● **DATA**:
----

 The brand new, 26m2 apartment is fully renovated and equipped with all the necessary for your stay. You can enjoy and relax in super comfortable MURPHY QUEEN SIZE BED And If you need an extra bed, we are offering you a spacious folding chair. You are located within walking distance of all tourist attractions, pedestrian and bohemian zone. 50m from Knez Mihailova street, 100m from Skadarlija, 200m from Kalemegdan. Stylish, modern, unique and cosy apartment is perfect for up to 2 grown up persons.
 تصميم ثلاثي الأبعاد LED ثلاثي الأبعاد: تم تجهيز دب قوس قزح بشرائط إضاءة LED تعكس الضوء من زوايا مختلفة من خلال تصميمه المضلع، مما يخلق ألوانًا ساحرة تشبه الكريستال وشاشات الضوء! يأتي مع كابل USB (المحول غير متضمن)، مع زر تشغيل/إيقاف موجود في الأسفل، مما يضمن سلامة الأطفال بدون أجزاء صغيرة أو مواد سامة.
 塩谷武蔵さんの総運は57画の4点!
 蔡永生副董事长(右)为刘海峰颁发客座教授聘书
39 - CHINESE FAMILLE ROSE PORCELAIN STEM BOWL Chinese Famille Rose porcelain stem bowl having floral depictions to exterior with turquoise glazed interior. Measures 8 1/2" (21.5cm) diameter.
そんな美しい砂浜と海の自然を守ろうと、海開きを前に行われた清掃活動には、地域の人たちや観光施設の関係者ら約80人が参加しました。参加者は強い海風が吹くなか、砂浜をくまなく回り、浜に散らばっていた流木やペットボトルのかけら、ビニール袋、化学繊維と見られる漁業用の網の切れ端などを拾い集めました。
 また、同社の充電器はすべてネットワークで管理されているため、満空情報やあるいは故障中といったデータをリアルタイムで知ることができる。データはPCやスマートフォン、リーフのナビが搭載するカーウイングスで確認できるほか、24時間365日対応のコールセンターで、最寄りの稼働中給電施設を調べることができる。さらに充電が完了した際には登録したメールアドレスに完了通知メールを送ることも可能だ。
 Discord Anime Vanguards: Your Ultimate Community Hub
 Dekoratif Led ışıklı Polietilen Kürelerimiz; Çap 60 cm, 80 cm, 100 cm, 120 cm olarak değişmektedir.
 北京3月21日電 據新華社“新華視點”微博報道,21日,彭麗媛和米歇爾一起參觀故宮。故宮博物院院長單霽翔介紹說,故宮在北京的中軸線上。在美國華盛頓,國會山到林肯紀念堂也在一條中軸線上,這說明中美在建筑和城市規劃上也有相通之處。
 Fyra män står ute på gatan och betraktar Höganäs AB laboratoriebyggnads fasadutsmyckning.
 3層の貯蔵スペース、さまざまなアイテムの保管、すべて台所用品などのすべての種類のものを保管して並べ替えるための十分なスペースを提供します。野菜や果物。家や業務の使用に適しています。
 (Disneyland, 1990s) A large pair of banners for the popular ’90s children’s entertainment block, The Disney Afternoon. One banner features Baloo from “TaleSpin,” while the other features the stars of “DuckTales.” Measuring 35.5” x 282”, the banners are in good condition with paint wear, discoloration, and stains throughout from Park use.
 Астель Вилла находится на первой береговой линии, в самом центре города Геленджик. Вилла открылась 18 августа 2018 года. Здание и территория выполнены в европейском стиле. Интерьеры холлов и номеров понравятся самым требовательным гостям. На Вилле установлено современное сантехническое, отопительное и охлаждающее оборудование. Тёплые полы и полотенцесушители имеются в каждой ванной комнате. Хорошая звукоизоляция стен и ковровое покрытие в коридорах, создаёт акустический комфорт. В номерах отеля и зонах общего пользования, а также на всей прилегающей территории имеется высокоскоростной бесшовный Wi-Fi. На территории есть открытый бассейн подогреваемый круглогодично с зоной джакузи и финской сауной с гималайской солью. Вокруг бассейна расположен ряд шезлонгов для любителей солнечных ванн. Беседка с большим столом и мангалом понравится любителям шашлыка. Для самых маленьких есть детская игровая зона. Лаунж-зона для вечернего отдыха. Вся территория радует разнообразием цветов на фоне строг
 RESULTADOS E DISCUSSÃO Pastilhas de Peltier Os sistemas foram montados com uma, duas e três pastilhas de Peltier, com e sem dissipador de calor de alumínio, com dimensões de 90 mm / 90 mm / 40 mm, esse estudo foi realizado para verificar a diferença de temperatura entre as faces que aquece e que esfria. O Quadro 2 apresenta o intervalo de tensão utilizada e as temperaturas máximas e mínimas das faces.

----

● **PROBLEM REQUIREMENTS**: Each line above that includes the word "with" is to be copied.

● **YOUR RESPONSE**:
 The brand new, 26m2 apartment is fully renovated and equipped with all the necessary for your stay. You can enjoy and relax in super comfortable MURPHY QUEEN SIZE BED And If you need an extra bed, we are offering you a spacious folding chair. You are located within walking distance of all tourist attractions, pedestrian and bohemian zone. 50m from Knez Mihailova street, 100m from Skadarlija, 200m from Kalemegdan. Stylish, modern, unique and cosy apartment is perfect for up to 2 grown up persons.
39 - CHINESE FAMILLE ROSE PORCELAIN STEM BOWL Chinese Famille Rose porcelain stem bowl having floral depictions to exterior with turquoise glazed interior. Measures 8 1/2" (21.5cm) diameter.
 (Disneyland, 1990s) A large pair of banners for the popular ’90s children’s entertainment block, The Disney Afternoon. One banner features Baloo from “TaleSpin,” while the other features the stars of “DuckTales.” Measuring 35.5” x 282”, the banners are in good condition with paint wear, discoloration, and stains throughout from Park use.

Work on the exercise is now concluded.